### Task to carry out
Please quote exactly the lines below from the line containing "Bloque de cargador" to the line containing "2465006-عباية ماكسي بقصّة بليزر", both lines included, and nothing else.

### Data supplied
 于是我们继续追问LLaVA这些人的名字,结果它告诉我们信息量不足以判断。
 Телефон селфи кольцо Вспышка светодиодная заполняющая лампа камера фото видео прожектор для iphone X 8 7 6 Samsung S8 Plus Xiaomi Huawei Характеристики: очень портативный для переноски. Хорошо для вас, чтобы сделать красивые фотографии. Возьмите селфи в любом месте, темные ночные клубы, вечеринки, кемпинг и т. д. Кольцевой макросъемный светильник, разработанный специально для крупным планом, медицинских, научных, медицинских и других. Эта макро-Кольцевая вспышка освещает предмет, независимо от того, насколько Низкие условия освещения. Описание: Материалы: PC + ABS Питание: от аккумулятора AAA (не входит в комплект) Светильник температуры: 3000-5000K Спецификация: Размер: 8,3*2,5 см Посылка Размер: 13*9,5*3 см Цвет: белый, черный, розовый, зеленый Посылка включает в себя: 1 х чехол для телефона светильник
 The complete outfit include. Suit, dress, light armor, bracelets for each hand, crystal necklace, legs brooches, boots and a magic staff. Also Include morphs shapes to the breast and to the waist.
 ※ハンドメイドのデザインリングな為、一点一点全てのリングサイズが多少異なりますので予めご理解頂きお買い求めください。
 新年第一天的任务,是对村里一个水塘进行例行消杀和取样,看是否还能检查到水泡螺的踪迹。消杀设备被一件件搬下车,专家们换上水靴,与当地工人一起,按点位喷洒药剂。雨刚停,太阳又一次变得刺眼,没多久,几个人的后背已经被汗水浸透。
--
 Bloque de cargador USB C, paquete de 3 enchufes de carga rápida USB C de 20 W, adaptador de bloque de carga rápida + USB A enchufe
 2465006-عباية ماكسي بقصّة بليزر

### Response to this exercise
 Bloque de cargador USB C, paquete de 3 enchufes de carga rápida USB C de 20 W, adaptador de bloque de carga rápida + USB A enchufe
 2465006-عباية ماكسي بقصّة بليزر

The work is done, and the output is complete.